The internationally-acclaimed Iris Prize LGBTQ+ film festival is back at Brighton Fringe with three very contrasting programmes of movies to watch down on the seafront.
At the launch event, Iris boss Berwyn Rowlands told Scene: “Since the pandemic we’ve revalued our lives and it’s great to be back sharing LGBTQ+ stories.
“We’re very diverse and I look forward to the day that, for instance, in cop stories on TV the character’s sexuality is incidental. Our next phase, guided by our new chairman, Tom Abell of Peccadillo Pictures, will be worth looking forward to. What we do is quite lonely sometimes.”
Hove-based Channel 4 executive Tim Highsted said: “I’m struck by the community of LGBTQ+ film-makers at Iris. Clearly they have a talent and passion.
“What keeps coming through is the extraordinary array of talent Iris promotes.”
All 4 is once again showing the best of the British short films from Iris in an ongoing partnership. Let’s hope none of this ground-breaking work is jeopardised by the planned sale of the channel.
There’s another two weeks to catch the three Iris programmes at the Fringe. They are: a series of animated short films from the last 15 years; the best of Iris 2021, which includes the double-award winning Baba, and a selection of trans stories. I sampled the last of these programmes and here are my thoughts:
POP is an intriguing and dark story of a young trans boy coming to terms with his sexual identity and his connection to a recently-released prisoner, played with great grittiness by TV actor Stephen Graham.
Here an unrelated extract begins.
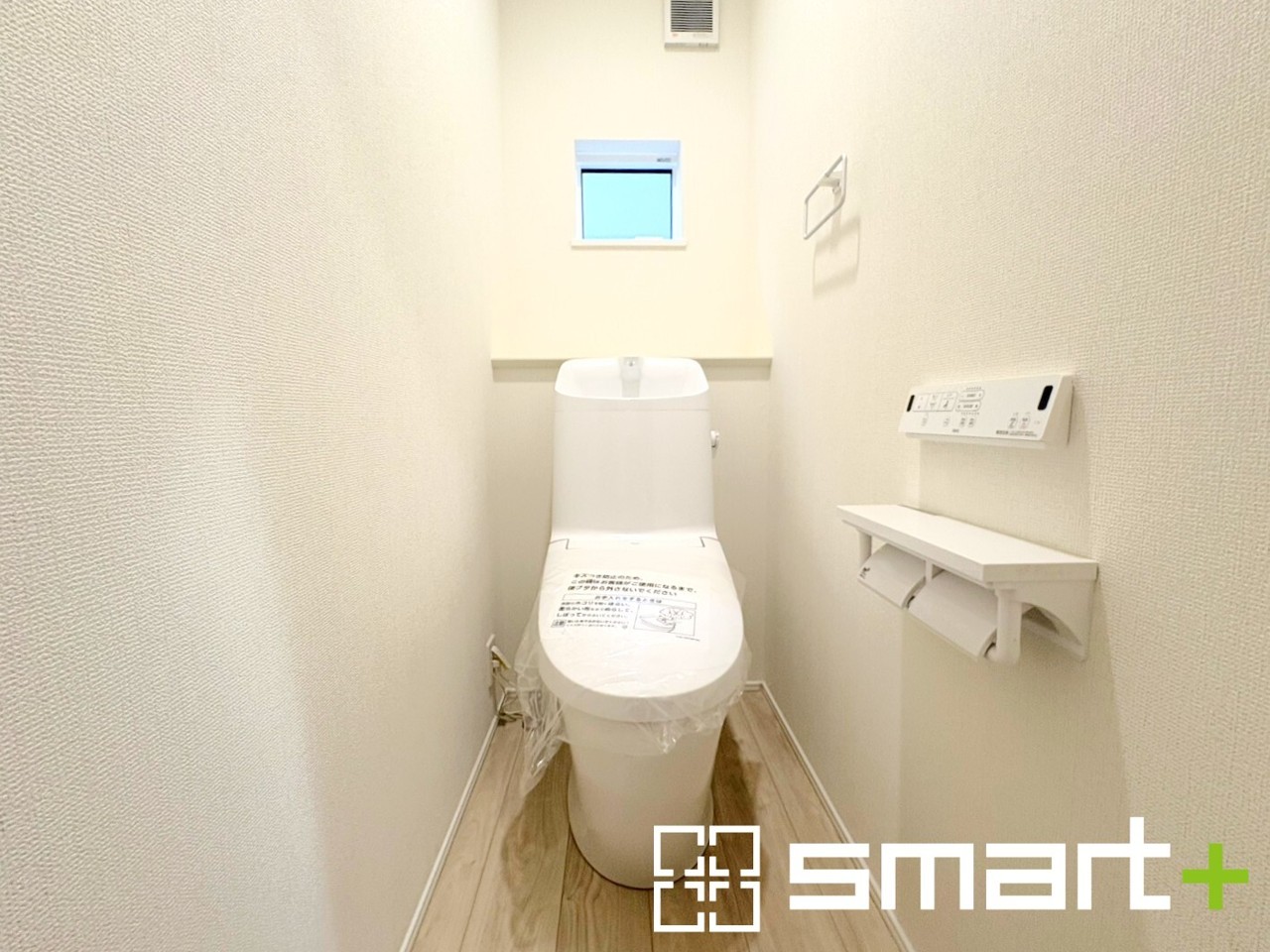 2号棟 ~小窓付きの明るいトイレ~ ・使用後や掃除の際には新鮮な空気を取り込み換気ができます。 ・背面のスペースにちょっとした棚を設置すれば、トイレットペーパーのストックなども置けますね。

God’s Daughter Dances deals with a post-op woman who performs regularly as a dancer in a Korean night club but whose future is turned upside down when she is called for medical examination before being conscripted as a man into the military. It’s a stark story of transphobia, bigotry, human frailty, but also resilience and defiance. Beautifully filmed and acted.
Birthday Boy centres on a trans schoolboy Alex, whose secret life is talking about the games he invents and having a secret male admirer online. Alexandra, as everyone calls him, is at an all-girls private school and subjected to ridicule, physical violence and hatred. But ultimately it’s a story of hope and positivity as the online correspondent is someone much closer to Alex than he thought.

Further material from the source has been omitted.